- _Records from a dataset_:

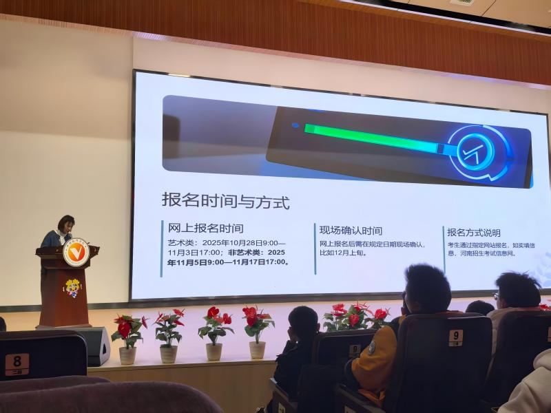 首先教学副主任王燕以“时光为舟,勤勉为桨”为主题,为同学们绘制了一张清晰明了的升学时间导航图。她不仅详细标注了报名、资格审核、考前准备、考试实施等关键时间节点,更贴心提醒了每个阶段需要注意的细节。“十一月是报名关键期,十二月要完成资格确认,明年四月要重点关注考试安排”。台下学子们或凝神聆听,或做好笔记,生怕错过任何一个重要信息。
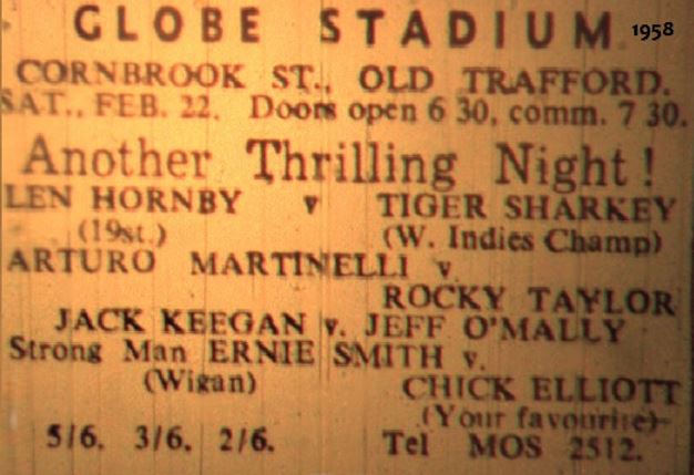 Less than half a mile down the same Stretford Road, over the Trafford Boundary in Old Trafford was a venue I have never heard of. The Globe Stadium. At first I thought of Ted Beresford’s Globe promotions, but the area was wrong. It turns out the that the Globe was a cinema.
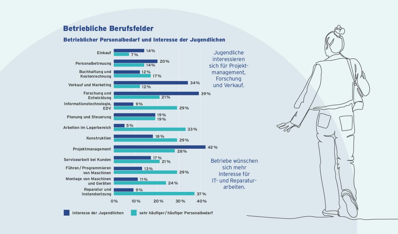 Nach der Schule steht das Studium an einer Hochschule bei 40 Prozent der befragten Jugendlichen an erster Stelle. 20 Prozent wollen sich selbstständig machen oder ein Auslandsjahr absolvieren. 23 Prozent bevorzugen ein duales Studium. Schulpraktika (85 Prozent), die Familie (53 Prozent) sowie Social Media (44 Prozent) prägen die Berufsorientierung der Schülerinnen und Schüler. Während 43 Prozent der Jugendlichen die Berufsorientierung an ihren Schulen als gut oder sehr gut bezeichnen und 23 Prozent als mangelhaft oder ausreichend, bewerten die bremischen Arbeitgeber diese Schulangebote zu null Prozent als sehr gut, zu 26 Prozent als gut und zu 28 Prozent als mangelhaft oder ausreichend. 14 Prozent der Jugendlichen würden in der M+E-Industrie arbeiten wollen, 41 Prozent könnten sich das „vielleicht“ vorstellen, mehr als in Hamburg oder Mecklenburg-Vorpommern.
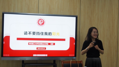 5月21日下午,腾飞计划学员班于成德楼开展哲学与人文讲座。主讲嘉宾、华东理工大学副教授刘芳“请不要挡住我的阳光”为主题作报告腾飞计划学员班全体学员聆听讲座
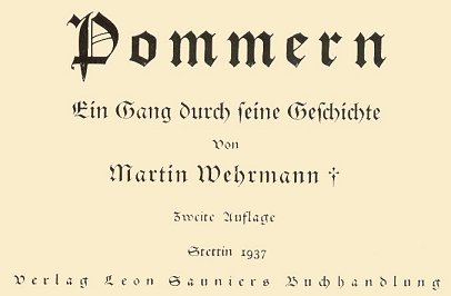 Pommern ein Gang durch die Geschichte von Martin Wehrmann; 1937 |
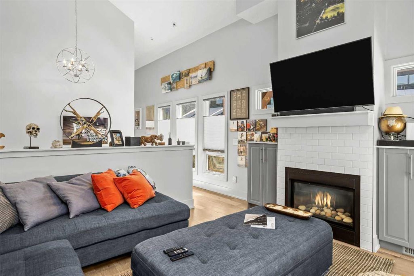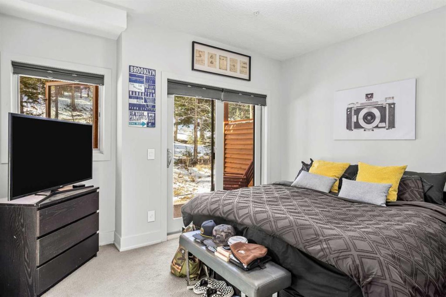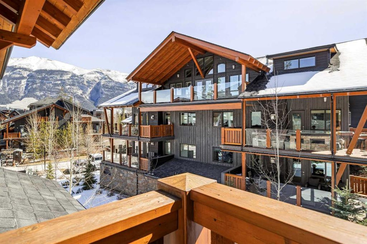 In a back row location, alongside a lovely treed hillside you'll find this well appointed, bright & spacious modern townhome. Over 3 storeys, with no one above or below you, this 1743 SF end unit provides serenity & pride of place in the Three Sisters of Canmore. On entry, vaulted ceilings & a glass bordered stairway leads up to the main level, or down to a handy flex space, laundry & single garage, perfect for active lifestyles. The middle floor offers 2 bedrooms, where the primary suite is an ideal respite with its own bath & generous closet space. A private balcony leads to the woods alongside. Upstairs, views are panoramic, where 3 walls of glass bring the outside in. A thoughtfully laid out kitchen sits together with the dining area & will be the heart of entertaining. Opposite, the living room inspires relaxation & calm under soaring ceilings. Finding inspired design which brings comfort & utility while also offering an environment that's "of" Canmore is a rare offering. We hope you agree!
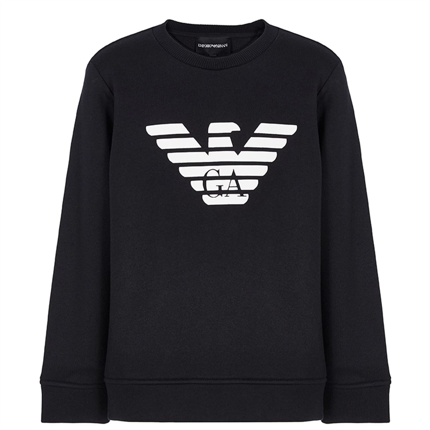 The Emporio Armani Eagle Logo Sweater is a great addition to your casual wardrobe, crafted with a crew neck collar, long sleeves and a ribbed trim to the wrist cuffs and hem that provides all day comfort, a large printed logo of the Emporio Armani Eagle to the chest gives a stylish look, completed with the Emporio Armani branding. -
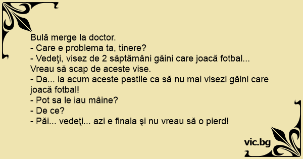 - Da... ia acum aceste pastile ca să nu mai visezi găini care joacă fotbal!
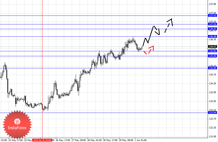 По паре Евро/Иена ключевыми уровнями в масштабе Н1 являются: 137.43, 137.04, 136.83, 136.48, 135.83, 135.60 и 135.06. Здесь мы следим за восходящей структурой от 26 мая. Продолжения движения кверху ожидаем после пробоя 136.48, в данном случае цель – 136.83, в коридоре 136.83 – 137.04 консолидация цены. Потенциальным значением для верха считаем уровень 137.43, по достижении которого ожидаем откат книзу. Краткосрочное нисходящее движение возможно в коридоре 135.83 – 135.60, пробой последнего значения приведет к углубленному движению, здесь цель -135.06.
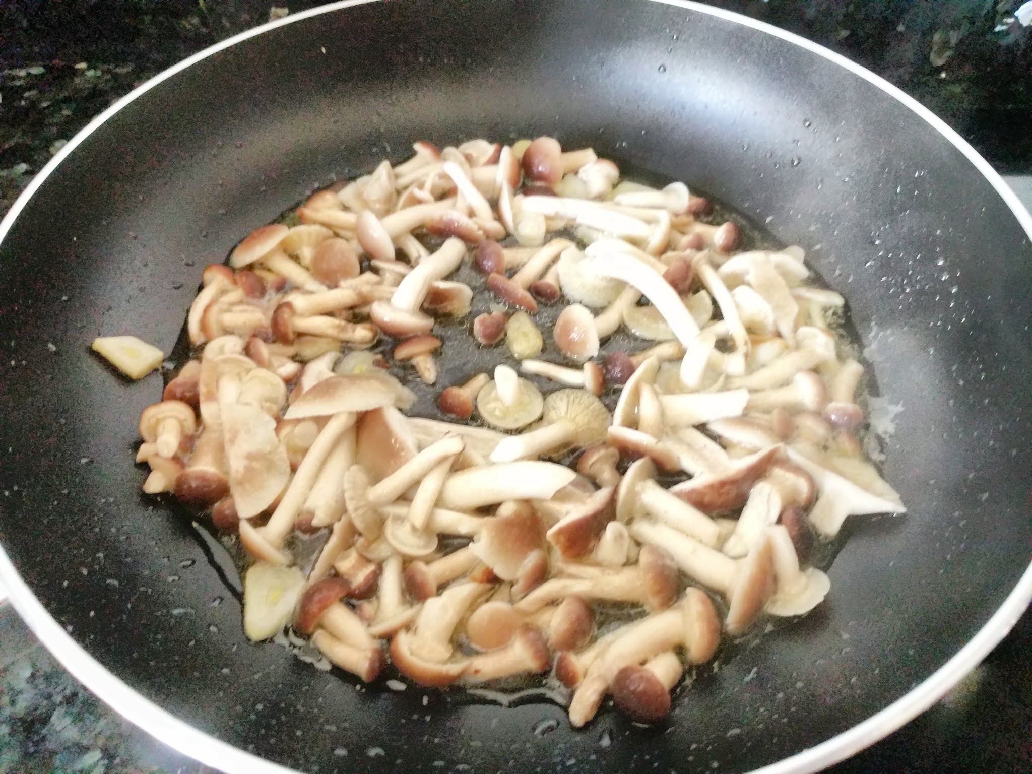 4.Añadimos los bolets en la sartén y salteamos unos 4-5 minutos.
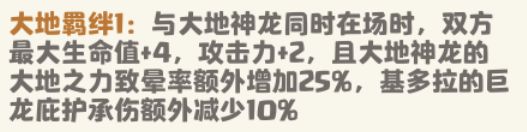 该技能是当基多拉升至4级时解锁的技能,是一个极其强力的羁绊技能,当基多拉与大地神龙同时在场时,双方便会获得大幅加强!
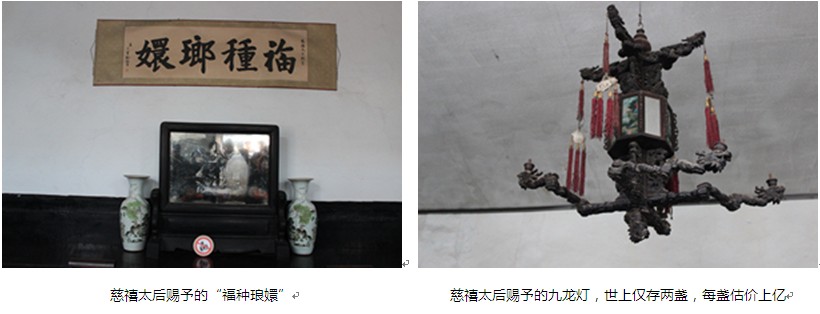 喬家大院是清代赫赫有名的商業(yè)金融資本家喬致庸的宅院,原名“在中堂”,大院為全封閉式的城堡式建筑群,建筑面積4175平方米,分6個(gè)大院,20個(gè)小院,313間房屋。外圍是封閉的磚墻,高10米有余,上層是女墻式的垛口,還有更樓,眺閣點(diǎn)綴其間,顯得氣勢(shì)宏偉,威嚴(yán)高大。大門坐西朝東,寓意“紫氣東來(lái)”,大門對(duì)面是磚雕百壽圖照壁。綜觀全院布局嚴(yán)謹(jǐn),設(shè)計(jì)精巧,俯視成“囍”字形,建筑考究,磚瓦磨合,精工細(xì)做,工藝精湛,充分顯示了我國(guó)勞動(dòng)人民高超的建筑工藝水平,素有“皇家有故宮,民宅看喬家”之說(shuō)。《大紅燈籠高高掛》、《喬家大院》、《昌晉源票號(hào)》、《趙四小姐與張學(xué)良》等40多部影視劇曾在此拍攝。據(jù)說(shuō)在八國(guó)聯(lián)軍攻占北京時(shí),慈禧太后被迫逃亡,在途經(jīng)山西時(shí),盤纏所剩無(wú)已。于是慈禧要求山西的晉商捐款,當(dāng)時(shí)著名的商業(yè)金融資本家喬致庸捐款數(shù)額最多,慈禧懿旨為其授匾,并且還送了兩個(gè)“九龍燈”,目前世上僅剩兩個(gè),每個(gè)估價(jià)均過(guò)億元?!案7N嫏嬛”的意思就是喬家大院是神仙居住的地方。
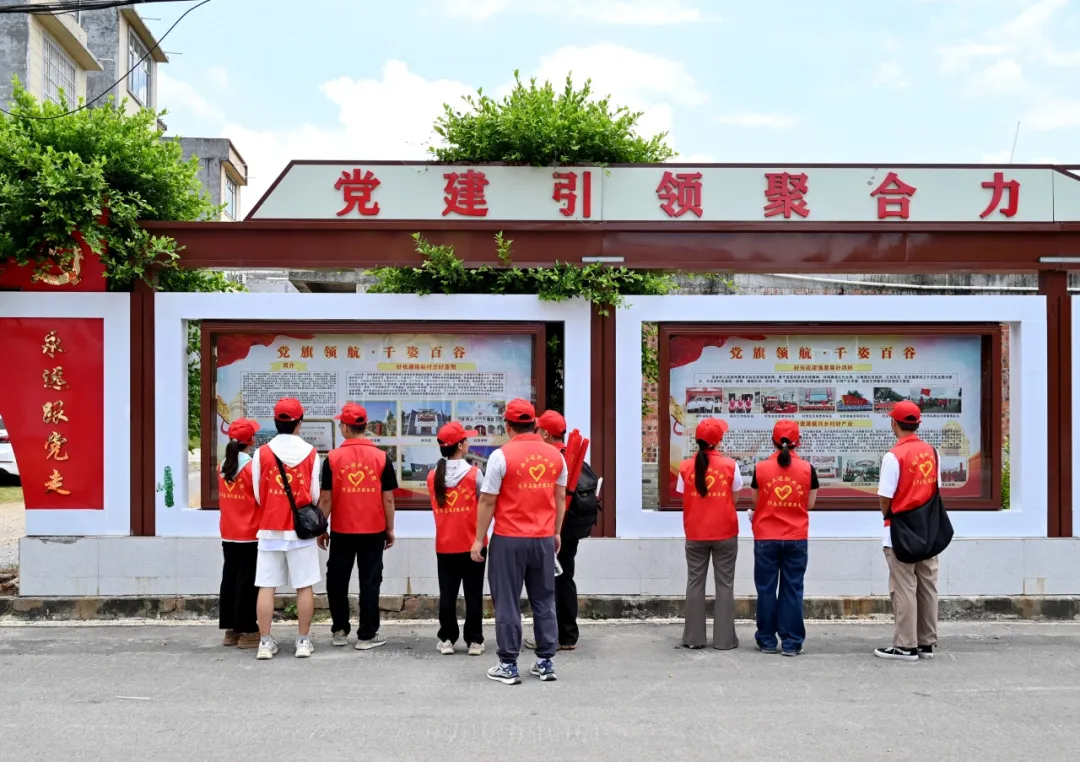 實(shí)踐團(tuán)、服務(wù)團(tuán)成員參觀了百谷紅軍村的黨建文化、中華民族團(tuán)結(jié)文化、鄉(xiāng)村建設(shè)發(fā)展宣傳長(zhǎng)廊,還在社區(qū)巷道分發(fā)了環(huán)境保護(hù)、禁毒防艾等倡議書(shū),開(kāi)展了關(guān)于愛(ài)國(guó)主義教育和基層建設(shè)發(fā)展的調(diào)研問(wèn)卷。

- _What is needed_: Transcribe each record exactly as it stands, setting aside any pictures.

- _Result_:
 首先教学副主任王燕以“时光为舟,勤勉为桨”为主题,为同学们绘制了一张清晰明了的升学时间导航图。她不仅详细标注了报名、资格审核、考前准备、考试实施等关键时间节点,更贴心提醒了每个阶段需要注意的细节。“十一月是报名关键期,十二月要完成资格确认,明年四月要重点关注考试安排”。台下学子们或凝神聆听,或做好笔记,生怕错过任何一个重要信息。
 Less than half a mile down the same Stretford Road, over the Trafford Boundary in Old Trafford was a venue I have never heard of. The Globe Stadium. At first I thought of Ted Beresford’s Globe promotions, but the area was wrong. It turns out the that the Globe was a cinema.
 Nach der Schule steht das Studium an einer Hochschule bei 40 Prozent der befragten Jugendlichen an erster Stelle. 20 Prozent wollen sich selbstständig machen oder ein Auslandsjahr absolvieren. 23 Prozent bevorzugen ein duales Studium. Schulpraktika (85 Prozent), die Familie (53 Prozent) sowie Social Media (44 Prozent) prägen die Berufsorientierung der Schülerinnen und Schüler. Während 43 Prozent der Jugendlichen die Berufsorientierung an ihren Schulen als gut oder sehr gut bezeichnen und 23 Prozent als mangelhaft oder ausreichend, bewerten die bremischen Arbeitgeber diese Schulangebote zu null Prozent als sehr gut, zu 26 Prozent als gut und zu 28 Prozent als mangelhaft oder ausreichend. 14 Prozent der Jugendlichen würden in der M+E-Industrie arbeiten wollen, 41 Prozent könnten sich das „vielleicht“ vorstellen, mehr als in Hamburg oder Mecklenburg-Vorpommern.
 5月21日下午,腾飞计划学员班于成德楼开展哲学与人文讲座。主讲嘉宾、华东理工大学副教授刘芳“请不要挡住我的阳光”为主题作报告腾飞计划学员班全体学员聆听讲座
 Pommern ein Gang durch die Geschichte von Martin Wehrmann; 1937 |
 In a back row location, alongside a lovely treed hillside you'll find this well appointed, bright & spacious modern townhome. Over 3 storeys, with no one above or below you, this 1743 SF end unit provides serenity & pride of place in the Three Sisters of Canmore. On entry, vaulted ceilings & a glass bordered stairway leads up to the main level, or down to a handy flex space, laundry & single garage, perfect for active lifestyles. The middle floor offers 2 bedrooms, where the primary suite is an ideal respite with its own bath & generous closet space. A private balcony leads to the woods alongside. Upstairs, views are panoramic, where 3 walls of glass bring the outside in. A thoughtfully laid out kitchen sits together with the dining area & will be the heart of entertaining. Opposite, the living room inspires relaxation & calm under soaring ceilings. Finding inspired design which brings comfort & utility while also offering an environment that's "of" Canmore is a rare offering. We hope you agree!
 The Emporio Armani Eagle Logo Sweater is a great addition to your casual wardrobe, crafted with a crew neck collar, long sleeves and a ribbed trim to the wrist cuffs and hem that provides all day comfort, a large printed logo of the Emporio Armani Eagle to the chest gives a stylish look, completed with the Emporio Armani branding. -
 - Da... ia acum aceste pastile ca să nu mai visezi găini care joacă fotbal!
 По паре Евро/Иена ключевыми уровнями в масштабе Н1 являются: 137.43, 137.04, 136.83, 136.48, 135.83, 135.60 и 135.06. Здесь мы следим за восходящей структурой от 26 мая. Продолжения движения кверху ожидаем после пробоя 136.48, в данном случае цель – 136.83, в коридоре 136.83 – 137.04 консолидация цены. Потенциальным значением для верха считаем уровень 137.43, по достижении которого ожидаем откат книзу. Краткосрочное нисходящее движение возможно в коридоре 135.83 – 135.60, пробой последнего значения приведет к углубленному движению, здесь цель -135.06.
 4.Añadimos los bolets en la sartén y salteamos unos 4-5 minutos.
 该技能是当基多拉升至4级时解锁的技能,是一个极其强力的羁绊技能,当基多拉与大地神龙同时在场时,双方便会获得大幅加强!
 喬家大院是清代赫赫有名的商業(yè)金融資本家喬致庸的宅院,原名“在中堂”,大院為全封閉式的城堡式建筑群,建筑面積4175平方米,分6個(gè)大院,20個(gè)小院,313間房屋。外圍是封閉的磚墻,高10米有余,上層是女墻式的垛口,還有更樓,眺閣點(diǎn)綴其間,顯得氣勢(shì)宏偉,威嚴(yán)高大。大門坐西朝東,寓意“紫氣東來(lái)”,大門對(duì)面是磚雕百壽圖照壁。綜觀全院布局嚴(yán)謹(jǐn),設(shè)計(jì)精巧,俯視成“囍”字形,建筑考究,磚瓦磨合,精工細(xì)做,工藝精湛,充分顯示了我國(guó)勞動(dòng)人民高超的建筑工藝水平,素有“皇家有故宮,民宅看喬家”之說(shuō)。《大紅燈籠高高掛》、《喬家大院》、《昌晉源票號(hào)》、《趙四小姐與張學(xué)良》等40多部影視劇曾在此拍攝。據(jù)說(shuō)在八國(guó)聯(lián)軍攻占北京時(shí),慈禧太后被迫逃亡,在途經(jīng)山西時(shí),盤纏所剩無(wú)已。于是慈禧要求山西的晉商捐款,當(dāng)時(shí)著名的商業(yè)金融資本家喬致庸捐款數(shù)額最多,慈禧懿旨為其授匾,并且還送了兩個(gè)“九龍燈”,目前世上僅剩兩個(gè),每個(gè)估價(jià)均過(guò)億元?!案7N嫏嬛”的意思就是喬家大院是神仙居住的地方。
 實(shí)踐團(tuán)、服務(wù)團(tuán)成員參觀了百谷紅軍村的黨建文化、中華民族團(tuán)結(jié)文化、鄉(xiāng)村建設(shè)發(fā)展宣傳長(zhǎng)廊,還在社區(qū)巷道分發(fā)了環(huán)境保護(hù)、禁毒防艾等倡議書(shū),開(kāi)展了關(guān)于愛(ài)國(guó)主義教育和基層建設(shè)發(fā)展的調(diào)研問(wèn)卷。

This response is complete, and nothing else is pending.